Gli armigeri sono molto affini agli esultanti, ma un gradino più in basso. Il loro nome indica una classe di guerrieri, che comunque non avrebbero monopolizzato i gradi principali dell’esercito; si potrebbero senz’altro paragonare ai samurai che servivano i daimyo nel Giappone feudale. Lomer, Nicarete, Racho e Valeria sono fra questi.

Gli ottimati sembrano essere dei mercanti più o meno facoltosi. Delle sette classi sono quelli che compaiono meno frequentemente nei manoscritti, anche se alcuni accenni indicano che Dorcas appartenesse in origine a questo gruppo.

Come in tutte le società, la comunalità costituisce il grosso della popolazione. Di solito soddisfatti della propria realtà, ignoranti perché la loro nazione è troppo povera per dare loro un’istruzione, si lamentano dell’arroganza degli esultanti e venerano l’Autarca che, in ultima analisi, costituisce la loro apoteosi. Jolenta, Hildegrin e gli abitanti di Saltus fanno parte di questa classe, alla pari di innumerevoli altri personaggi dei manoscritti.

L’Autarca, che sembra diffidare degli esultanti certamente per ottimi motivi, è circondato dai servitori del trono. Sono i suoi ammiratori e consiglieri nella vita militare e civile. Pare provengano dalla comunalità, ed è da sottolineare l’importanza da essi attribuita all’educazione ricevuta. (Per contro, si veda il disprezzo mostrato da Thecla al riguardo.) Lo stesso Severian e gli altri abitanti della Cittadella, a eccezione di Ultan, si può dire che appartengano a questo gruppo.

I religiosi sono enigmatici quanto il dio che venerano, un dio fondamentalmente solare ma non apollineo. (Dal momento che al Conciliatore è attribuito un Artiglio, è facile fare un’associazione fra l’aquila di Giove e il sole, ma forse è fin troppo banale.) Come il clero della nostra chiesa cattolica, i religiosi si dividono in vari ordini, ma non sembrano sottoposti a un’autorità suprema. Talvolta rammentano l’induismo, nonostante il loro evidente monoteismo.

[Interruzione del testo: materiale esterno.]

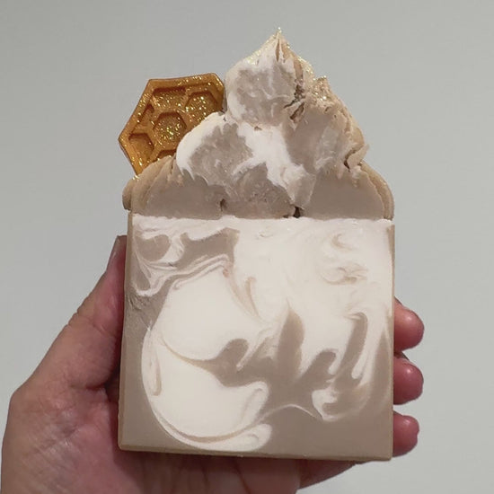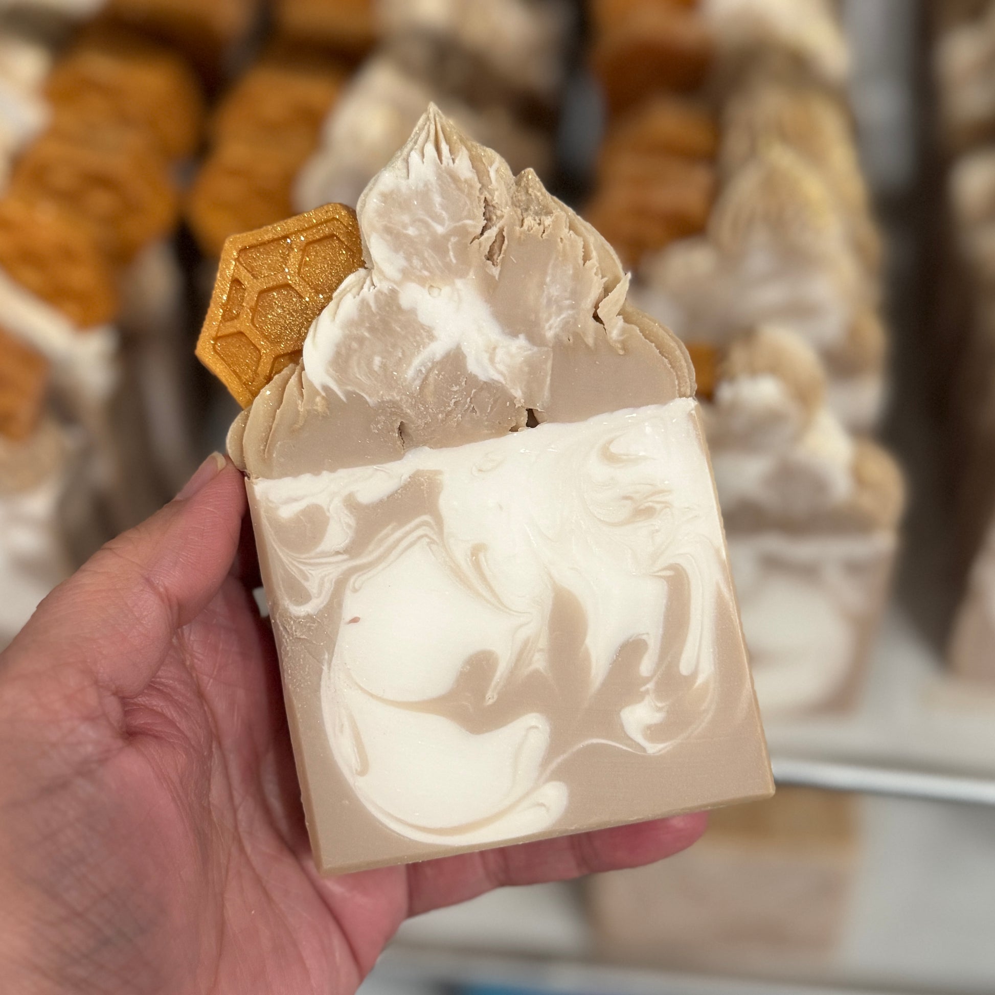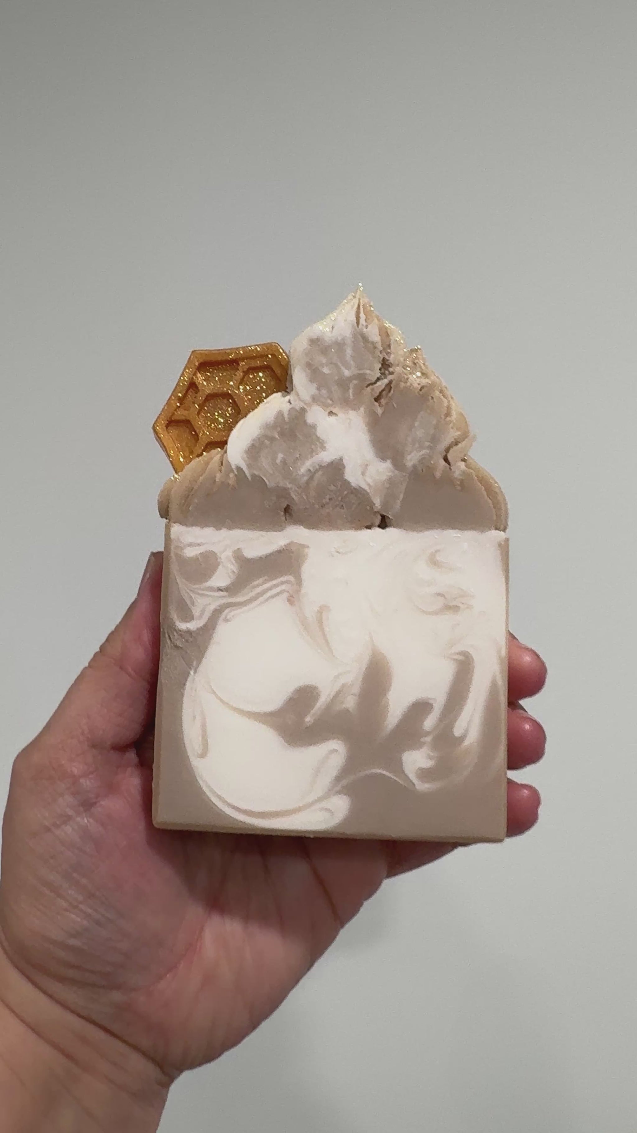 Beurre de karité ECOCERT, Huile de canola, Eau, Huile de tournesol, Huile de coco BIO, Hydroxyde de sodium, Huile de ricin, Beurre de cacao, Huile de palmiste RSPO, Lait de coco BIO, Lactate de sodium, Avoine colloïdale, Soie, Décoration en savon à la glycérine (nid d'abeille), Colorants sécuritaires pour cosmétiques, Parfum.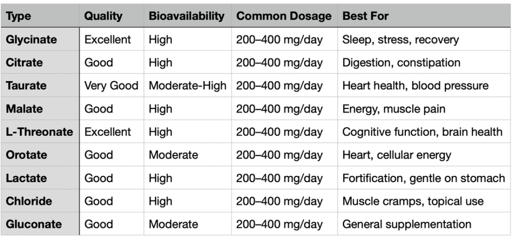 https://drstanfield.com/en-au/blogs/articles/best-worst-forms-magnesium - Medical News Today. “Benefits and Uses of Different Types of Magnesium.” (2025-08-05).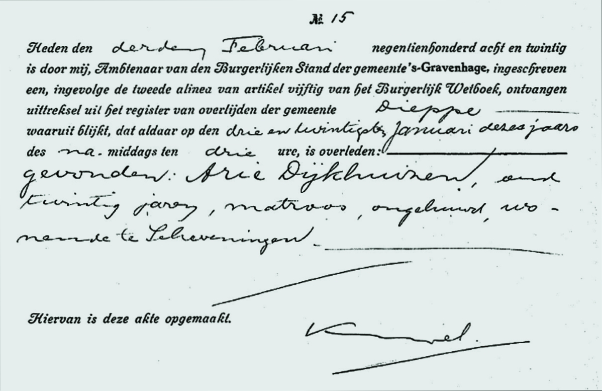 In het Franse Dieppe werd Arie Dijkhuizen vermist. Pas in januari 1928 werd zijn lichaam in de haven gevonden en met de SCH 310 op de 27e januari naar Scheveningen gebracht.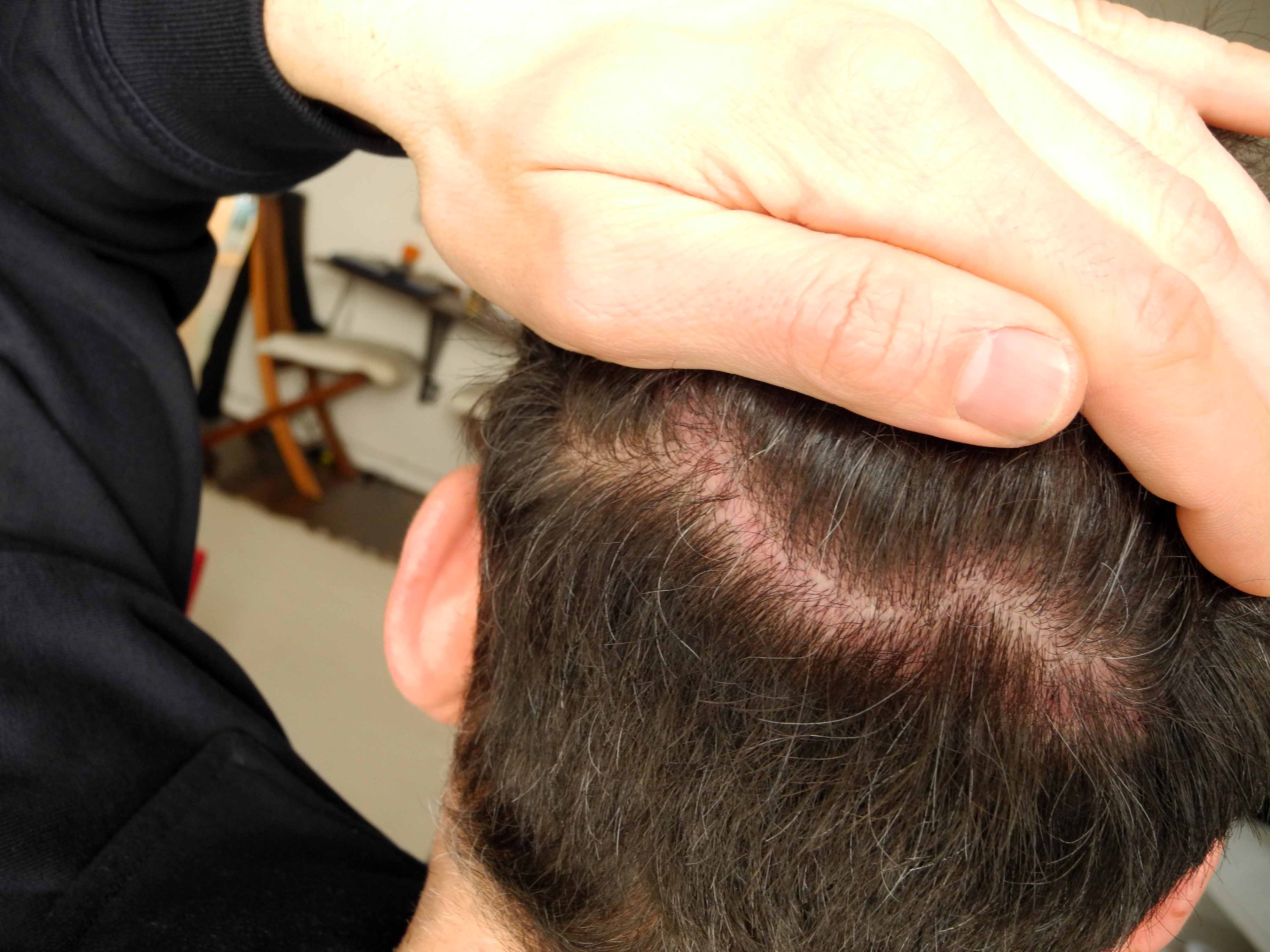 Bereich um die Narbe und teilweise die verpflanzten Haare vor allem um den Tonsurbereich sind immer noch berührungsempfindlich, es scheint dass sich das Ganze sehr langsam normalisiert, zumindest bei mir.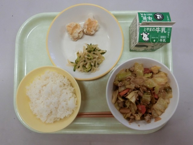 今日の献立は、ごはん、牛乳、にんじんシューマイ、甘酢和え、回鍋肉です。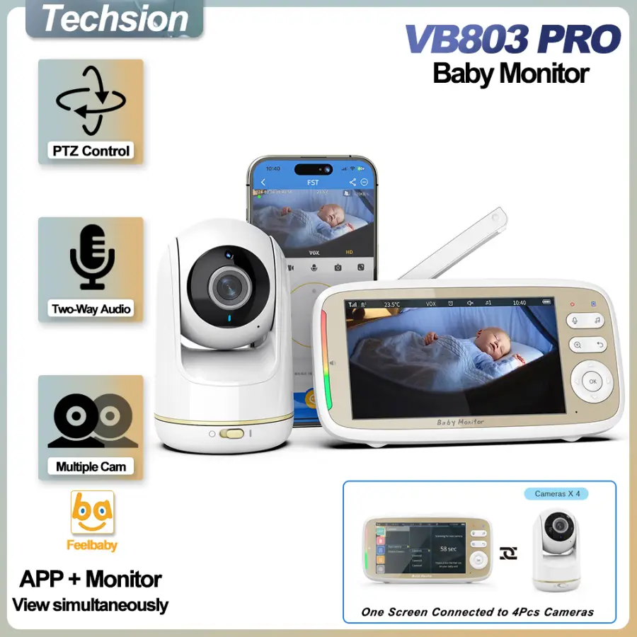 VB803 PRO HD 720P Baby Monitor Two Way Communication Smart Dual Control for Phone and Monitor Temperature Monitoring WIFI PTZ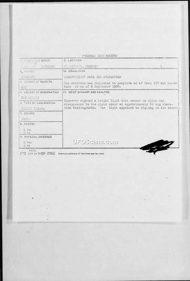Project 100/3 Record: UFO Observation, 12 July 1968, Ft. Benning, Georgia

Le Pellegrine, che nei manoscritti ricoprono un ruolo più importante di qualsiasi altra comunità sacra, sono evidentemente un ordine di sacerdotesse accompagnate da servitori maschi armati, come è naturale per un gruppo nomade come il loro, in quel tempo e in quei luoghi.

Infine, i cacogeni costituiscono, in un modo che riusciamo a malapena a intuire, l’elemento estraneo che, proprio per la sua caratteristica aliena, è più universale ed esiste in quasi tutte le società che conosciamo. Il nome che li designa fa pensare che fossero temuti o per lo meno detestati alla comunalità. La loro presenza alla festa dell’Autarca rivela che sono accettati a corte (probabilmente per necessità). Per quanto la popolazione ai tempi di Severian li consideri un gruppo omogeneo, è probabile che siano in realtà molto differenti fra di loro. Nei manoscritti, la Cumana e Padre Inire sono rappresentanti di questo elemento.